EXERCISE PROMPT: Starting at the top of the listing, extract every line up to and including the one with "廠區與港口僅相距1.4公里,凌空飛架的管". Pictures stay out of the copy.
=== SUPPLIED INFORMATION ===
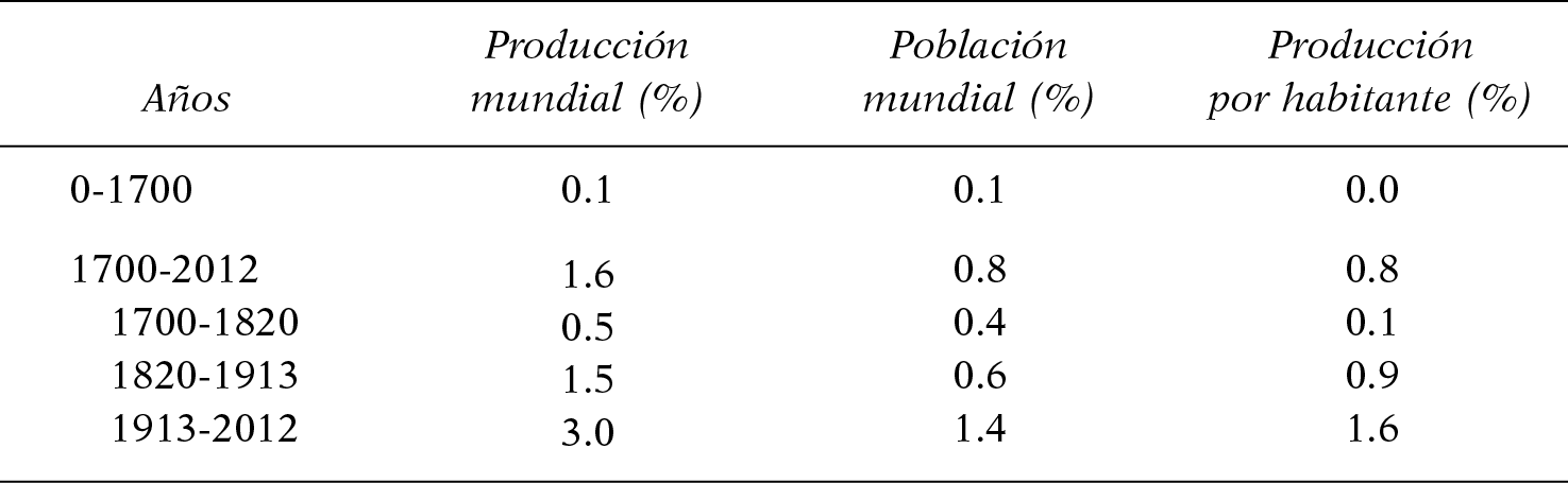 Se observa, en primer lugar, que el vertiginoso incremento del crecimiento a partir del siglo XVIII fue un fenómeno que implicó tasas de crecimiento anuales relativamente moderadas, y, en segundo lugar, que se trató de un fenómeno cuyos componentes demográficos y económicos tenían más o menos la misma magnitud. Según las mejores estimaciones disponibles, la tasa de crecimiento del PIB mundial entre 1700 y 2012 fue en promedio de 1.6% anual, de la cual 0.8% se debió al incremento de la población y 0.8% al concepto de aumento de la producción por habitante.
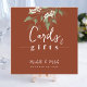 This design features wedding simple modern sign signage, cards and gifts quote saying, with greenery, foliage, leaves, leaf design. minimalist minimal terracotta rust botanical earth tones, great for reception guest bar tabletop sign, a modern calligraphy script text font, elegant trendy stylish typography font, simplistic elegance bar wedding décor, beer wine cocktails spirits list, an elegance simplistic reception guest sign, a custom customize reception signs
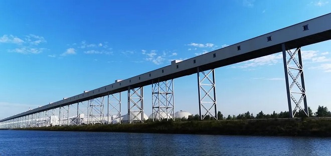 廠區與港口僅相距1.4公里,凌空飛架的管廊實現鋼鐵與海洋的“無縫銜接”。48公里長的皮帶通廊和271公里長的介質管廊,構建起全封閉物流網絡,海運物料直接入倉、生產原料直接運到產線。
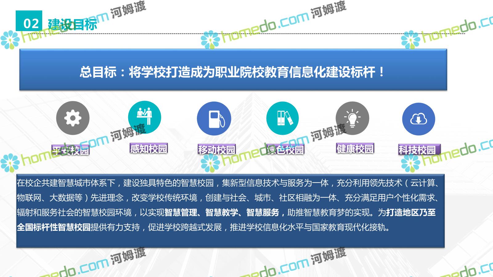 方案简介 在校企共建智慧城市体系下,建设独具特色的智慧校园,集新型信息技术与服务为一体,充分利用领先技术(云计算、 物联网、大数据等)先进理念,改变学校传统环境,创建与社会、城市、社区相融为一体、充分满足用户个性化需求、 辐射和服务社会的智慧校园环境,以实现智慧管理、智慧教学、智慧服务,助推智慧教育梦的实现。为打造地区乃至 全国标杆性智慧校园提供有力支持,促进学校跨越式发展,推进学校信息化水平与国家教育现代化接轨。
===
PROBLEM SOLUTION:
 Se observa, en primer lugar, que el vertiginoso incremento del crecimiento a partir del siglo XVIII fue un fenómeno que implicó tasas de crecimiento anuales relativamente moderadas, y, en segundo lugar, que se trató de un fenómeno cuyos componentes demográficos y económicos tenían más o menos la misma magnitud. Según las mejores estimaciones disponibles, la tasa de crecimiento del PIB mundial entre 1700 y 2012 fue en promedio de 1.6% anual, de la cual 0.8% se debió al incremento de la población y 0.8% al concepto de aumento de la producción por habitante.
 This design features wedding simple modern sign signage, cards and gifts quote saying, with greenery, foliage, leaves, leaf design. minimalist minimal terracotta rust botanical earth tones, great for reception guest bar tabletop sign, a modern calligraphy script text font, elegant trendy stylish typography font, simplistic elegance bar wedding décor, beer wine cocktails spirits list, an elegance simplistic reception guest sign, a custom customize reception signs
 廠區與港口僅相距1.4公里,凌空飛架的管廊實現鋼鐵與海洋的“無縫銜接”。48公里長的皮帶通廊和271公里長的介質管廊,構建起全封閉物流網絡,海運物料直接入倉、生產原料直接運到產線。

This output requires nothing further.